##### ENTRIES PROVIDED #####
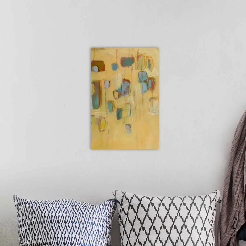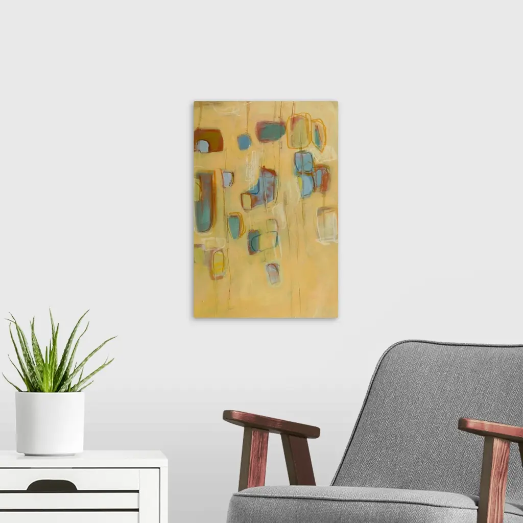 Retro mid-century style abstract painting using soft geometric shapes and muted colors.
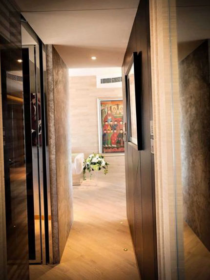 Большой коридор (прихожая) дает больше возможностей при планировании дизайна. Помимо самого необходимого можно позволить себе дополнительные элементы комфорта и декора помещения (диванчик у входа, большая напольная ваза).
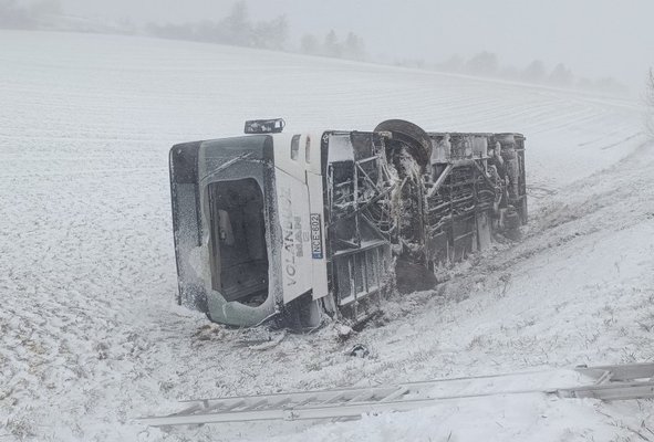Borítókép: A havazás miatt árokba borult busz a 76-os főúton. - Forrás: MÁV.
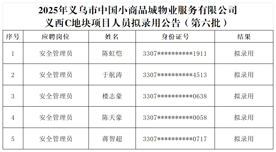 2025年义乌市中国小商品城物业服务有限公司义西C地块项目人员拟录用公告(第六批)
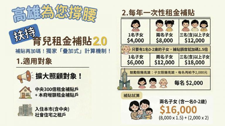 同時,市府將「育兒租金補貼」升級為2.0版本,適用對象涵蓋中央及地方興建社宅住戶、中央核定租金補貼戶,以及高雄市增額租金補貼對象,預計可照顧12,560戶育兒租屋家庭。透過擴大涵蓋範圍及提高補貼權重,期盼有效減輕育兒家庭在居住與照顧上的經濟壓力,並優先引導入住功能完善的社會住宅。
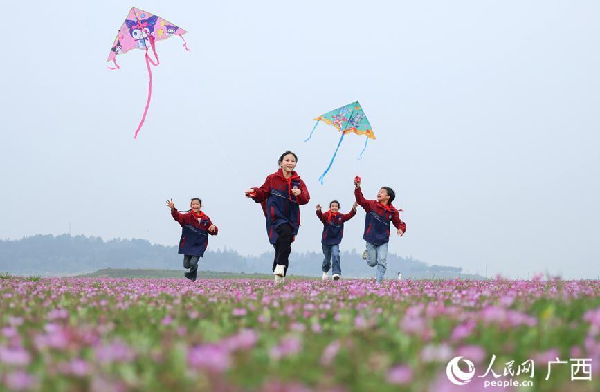 孩子们在紫云英花海放纸鸢。
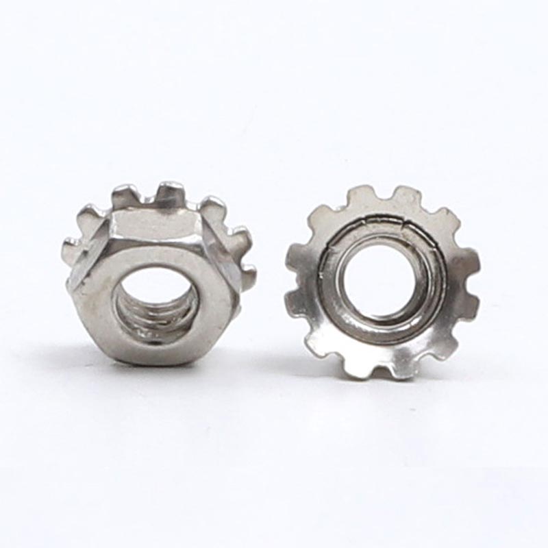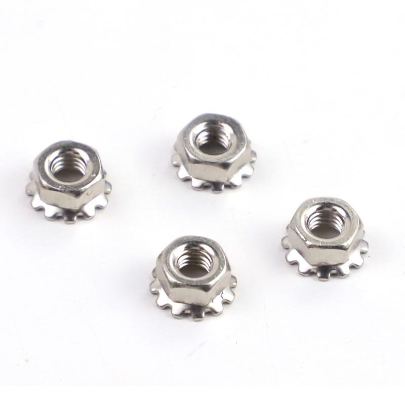 Ancnó washer earraigh heicseagáinIs ceanglóir dhá chuid é a phléascann cnó caighdeánach heicsidheachúlach neamh-snáithe le washer earraigh atá tógtha isteach. Suíonn an washer faoi bhun ancut, teannas a chur i bhfeidhm chun cur in aghaidh scaoilte ó chreathadh nó ó athruithe teirmeacha.
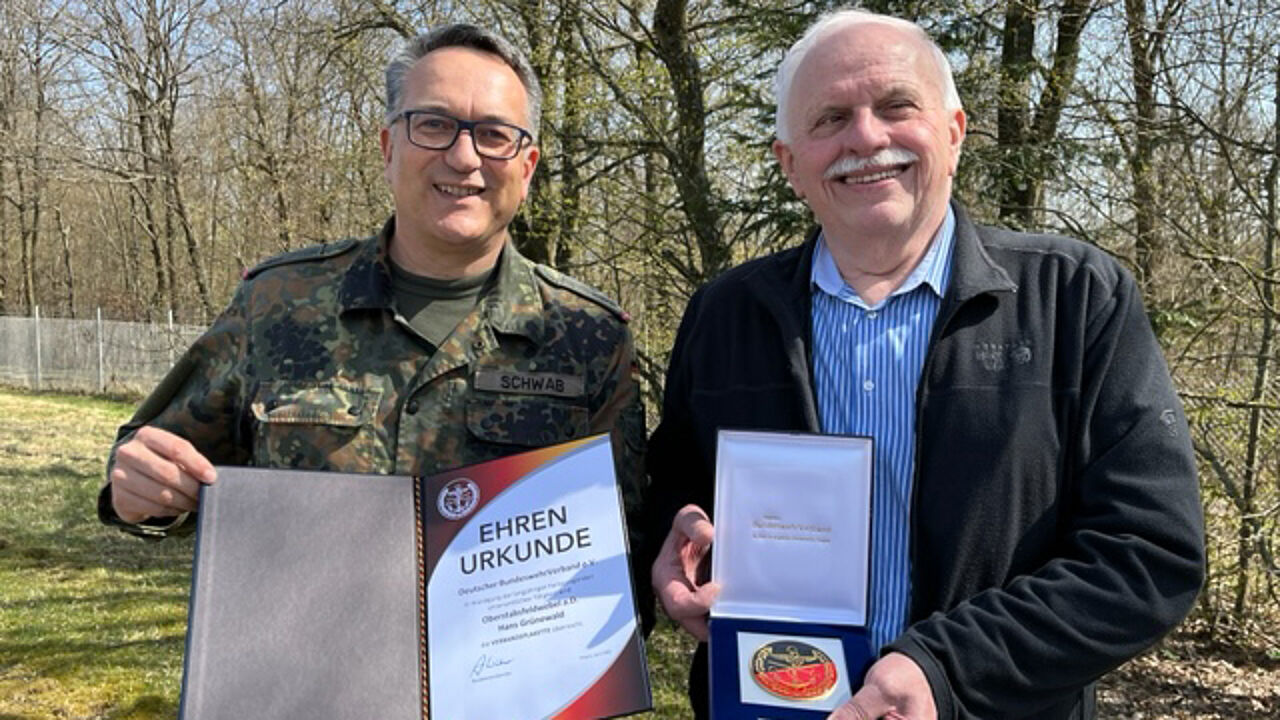 Die Bundeswehr sucht und findet Vorbilder in den Reihen ihrer aktiven und ehemaligen Soldatinnen, Soldaten und Zivilbeschäftigten. Eines dieser Vorbilder ist zweifelsfrei Oberstabsfeldwebel a.D. Hans Grünewald. In seiner langjährigen, ehrenamtlichen Tätigkeit im Deutschen BundeswehrVerband (DBwV) gestaltete er als Vorsitzender der Kameradschaft Ehemalige, Reservisten und Hinterbliebene in Mayen, Andernach und Mendig deren Gemeinschaft sowie das Zusammenwirken mit aktiven Soldaten und der regionalen Bevölkerung. In Landes- und Bundesversammlungen gab Grünewald der Eifelregion im DBwV eine starke Stimme und setzte sich nachhaltig für Modernisierungen und Fortschritt ein. In der Mayener Kaserne wird er allseits als erfahrener Wissensträger geschätzt und in der Truppe wertschätzend als "graue Eminenz" bezeichnet. Mit der Vorstandswahl im April endeten nunmehr 18 Jahre wertvolles Engagement als Kameradschaftsvorsitzender, welches anerkennend vom Bezirksvorsitzenden, Oberstleutnant Michael Schwab, mit der zweithöchsten Auszeichnung, der Verbandsplakette, gewürdigt wurde. „Wir wünschen Oberstabsfeldwebel a.D. Grünewald für seinen verdienten Ruhestand, den er nun im Alter von 71 Lebensjahren antritt, alles Gute und vor allem Gesundheit“, so StOKa Vorsitzender Oberstleutnant Dirk Drews. Zugleich wünschte Drews Grünewalds Nachfolger, Stabsfeldwebel a.D. Werner Wulff, viel Freude und Soldatenglück für die Ausübung des wichtigen Amtes als ERH Vorsitzender und sicherte ihm kameradschaftliche Unterstützung zu.
#####
→ **WHAT THE TASK ASKS**:
Starting with the first line of the data above and ending with the line containing "Большой коридор (прихожая)", please restate every line exactly, leaving images out.

→ **RESULT**:
 Retro mid-century style abstract painting using soft geometric shapes and muted colors.
 Большой коридор (прихожая) дает больше возможностей при планировании дизайна. Помимо самого необходимого можно позволить себе дополнительные элементы комфорта и декора помещения (диванчик у входа, большая напольная ваза).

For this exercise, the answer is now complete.